(Work order) Although the records contain pictures, the copy must not; reproduce everything else in them exactly.

(Records for this exercise)
########

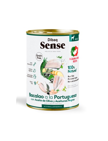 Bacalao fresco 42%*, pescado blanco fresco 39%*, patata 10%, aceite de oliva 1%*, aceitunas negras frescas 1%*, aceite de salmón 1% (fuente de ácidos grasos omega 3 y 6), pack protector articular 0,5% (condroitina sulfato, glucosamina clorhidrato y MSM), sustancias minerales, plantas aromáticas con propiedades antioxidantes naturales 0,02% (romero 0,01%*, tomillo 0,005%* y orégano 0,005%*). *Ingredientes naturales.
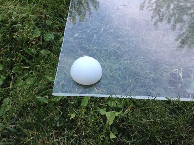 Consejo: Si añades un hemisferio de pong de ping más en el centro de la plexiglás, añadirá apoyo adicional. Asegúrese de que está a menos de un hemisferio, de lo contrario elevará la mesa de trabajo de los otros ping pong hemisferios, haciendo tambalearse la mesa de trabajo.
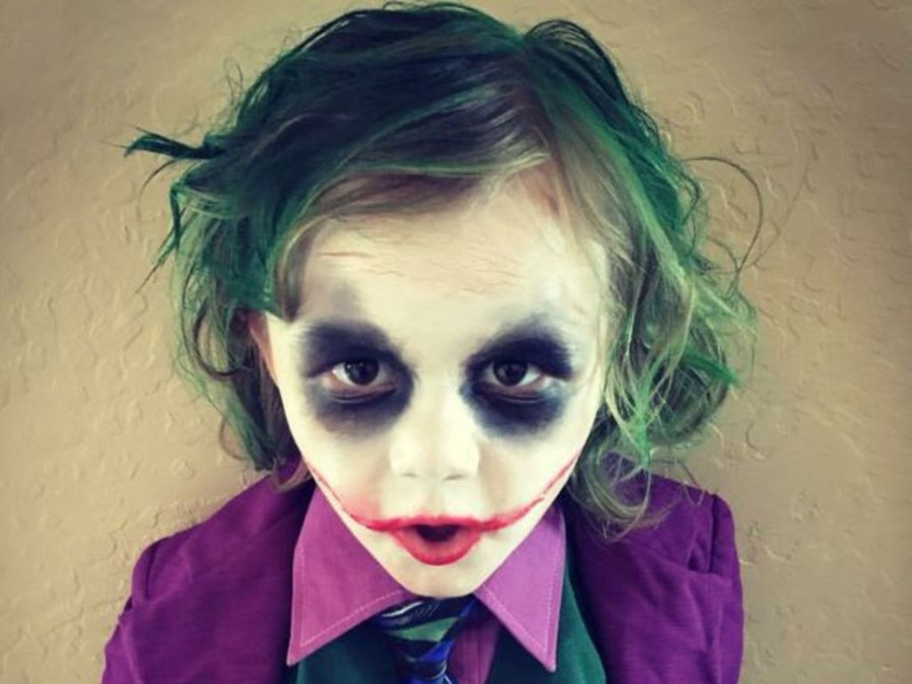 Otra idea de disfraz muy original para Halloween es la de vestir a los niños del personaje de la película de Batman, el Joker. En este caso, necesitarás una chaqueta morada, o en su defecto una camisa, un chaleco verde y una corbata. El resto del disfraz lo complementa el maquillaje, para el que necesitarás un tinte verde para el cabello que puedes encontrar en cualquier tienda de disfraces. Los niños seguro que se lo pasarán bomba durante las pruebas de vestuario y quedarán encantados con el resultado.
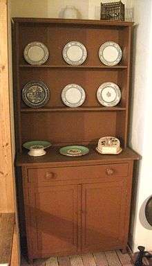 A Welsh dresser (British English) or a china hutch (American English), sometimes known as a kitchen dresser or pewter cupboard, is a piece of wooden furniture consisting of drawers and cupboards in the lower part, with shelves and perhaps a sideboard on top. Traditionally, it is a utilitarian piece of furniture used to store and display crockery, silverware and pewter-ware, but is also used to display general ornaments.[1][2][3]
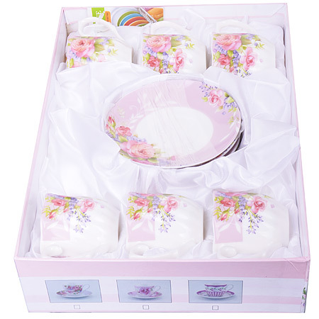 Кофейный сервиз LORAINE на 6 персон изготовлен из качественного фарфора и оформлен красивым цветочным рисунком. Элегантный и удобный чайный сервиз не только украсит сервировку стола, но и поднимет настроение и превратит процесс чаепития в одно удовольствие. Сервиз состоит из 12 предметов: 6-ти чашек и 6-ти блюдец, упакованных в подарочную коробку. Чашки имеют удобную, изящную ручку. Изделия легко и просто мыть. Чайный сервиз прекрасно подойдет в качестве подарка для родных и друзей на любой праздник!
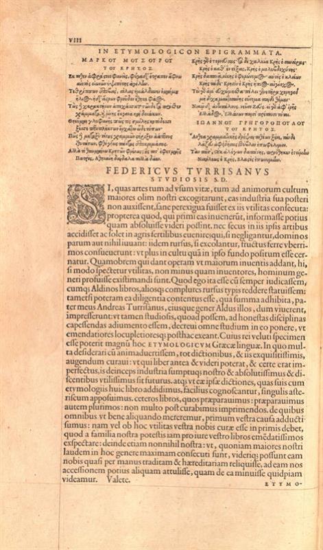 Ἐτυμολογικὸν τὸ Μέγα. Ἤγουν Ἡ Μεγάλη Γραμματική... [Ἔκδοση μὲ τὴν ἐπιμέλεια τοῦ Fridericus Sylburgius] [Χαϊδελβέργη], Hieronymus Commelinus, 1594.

########

(Response to this exercise)
 Bacalao fresco 42%*, pescado blanco fresco 39%*, patata 10%, aceite de oliva 1%*, aceitunas negras frescas 1%*, aceite de salmón 1% (fuente de ácidos grasos omega 3 y 6), pack protector articular 0,5% (condroitina sulfato, glucosamina clorhidrato y MSM), sustancias minerales, plantas aromáticas con propiedades antioxidantes naturales 0,02% (romero 0,01%*, tomillo 0,005%* y orégano 0,005%*). *Ingredientes naturales.
 Consejo: Si añades un hemisferio de pong de ping más en el centro de la plexiglás, añadirá apoyo adicional. Asegúrese de que está a menos de un hemisferio, de lo contrario elevará la mesa de trabajo de los otros ping pong hemisferios, haciendo tambalearse la mesa de trabajo.
 Otra idea de disfraz muy original para Halloween es la de vestir a los niños del personaje de la película de Batman, el Joker. En este caso, necesitarás una chaqueta morada, o en su defecto una camisa, un chaleco verde y una corbata. El resto del disfraz lo complementa el maquillaje, para el que necesitarás un tinte verde para el cabello que puedes encontrar en cualquier tienda de disfraces. Los niños seguro que se lo pasarán bomba durante las pruebas de vestuario y quedarán encantados con el resultado.
 A Welsh dresser (British English) or a china hutch (American English), sometimes known as a kitchen dresser or pewter cupboard, is a piece of wooden furniture consisting of drawers and cupboards in the lower part, with shelves and perhaps a sideboard on top. Traditionally, it is a utilitarian piece of furniture used to store and display crockery, silverware and pewter-ware, but is also used to display general ornaments.[1][2][3]
 Кофейный сервиз LORAINE на 6 персон изготовлен из качественного фарфора и оформлен красивым цветочным рисунком. Элегантный и удобный чайный сервиз не только украсит сервировку стола, но и поднимет настроение и превратит процесс чаепития в одно удовольствие. Сервиз состоит из 12 предметов: 6-ти чашек и 6-ти блюдец, упакованных в подарочную коробку. Чашки имеют удобную, изящную ручку. Изделия легко и просто мыть. Чайный сервиз прекрасно подойдет в качестве подарка для родных и друзей на любой праздник!
 Ἐτυμολογικὸν τὸ Μέγα. Ἤγουν Ἡ Μεγάλη Γραμματική... [Ἔκδοση μὲ τὴν ἐπιμέλεια τοῦ Fridericus Sylburgius] [Χαϊδελβέργη], Hieronymus Commelinus, 1594.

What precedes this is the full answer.